On the Interrelatedness of Constraints and Freedom:

I understand why you posit that constraints come before freedom. I think you are generally right in your observations. I believe even more strongly that the constraints, however, are opportunities that accompany and are fulfilled by freedom. My fallback example of this is playing the violin. One must certainly argue as you do analogously, that without technique, one could never play music at all. Imagine what would happen if one could not master bowing (or even hold the bow properly) or finger the notes with precision and speed. Imagine what would and could never happen if one's right hand was stiff and cramped or one couldn't shift with one's left hand because one was holding the violin at the neck of the violin rather than with one's jaw and shoulder. The latter posture leaves the left hand free and entirely mobile, while the former paralyzes it! And imagine all of the scales, arpeggios, and etudes required in all of the possible bowing variations that are necessary to master if one is to allow the violin to sing over the whole of its range!! 

Thus, it is absolutely true that one needs to learn proper technique before one can play to the limits of the instrument, the composer, and one's own imagination and abilities. At the same time, one plays to the limits of one's technique, and doing so musically will transform and push one's technique further as well. Technique serves musical freedom, yes, but musicality (which is partly, I believe, about the influence or inspiration of the Holy Spirit) fulfills technique and allows it to be much more than mere technicality. It is always the two together that produces music, and music, I sincerely believe, is a form of prayer and perhaps a model for growth in all prayer.

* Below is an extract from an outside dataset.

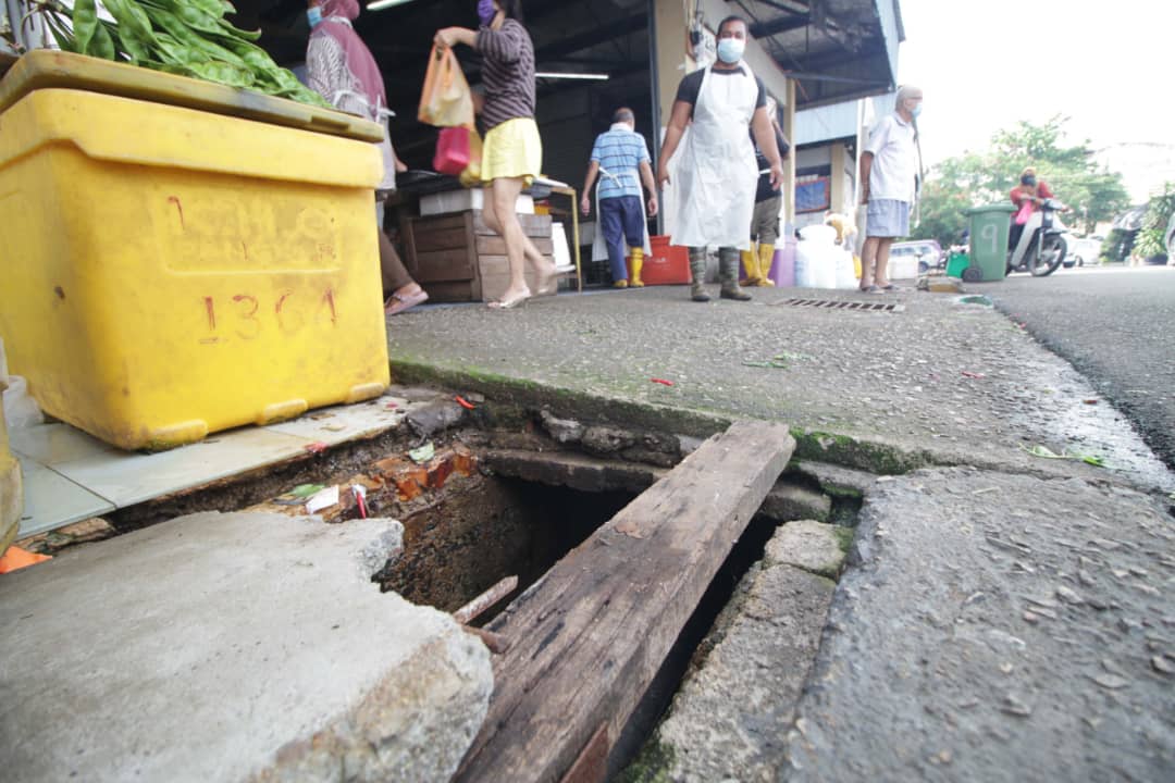 Seorang peniaga ikan, Marizi Suhaimi, 60, berkata, sudah ada individu jatuh ke longkang kerana ketiadaan penutup longkang.

What I am trying to say is that it is not only possible but also necessary for all things to grow together simultaneously once one becomes a c 603 hermit. It is very much a holistic vocation. Yes, profession and consecration under c 603 require preparation. For instance, one should be a contemplative before discerning a call to eremitical solitude, and one should already have completed one's schooling and any certification or licensure work one envisions needing.  Strictly speaking, one should not be a beginner at eremitical life when one is admitted to profession and consecration as a c 603 hermit. For this reason a good deal of the growth you are speaking of happens before one becomes c 603; at the same time, we hermits recognize in one another the same patterns of growth, the same embrace of values and constitutive elements, the same vocations no matter the differences in our Rules and whether we have been a hermit for decades or for a only a handful of years. I'll end this here for now. There is definitely more to explore, though, so thanks again for your questions!!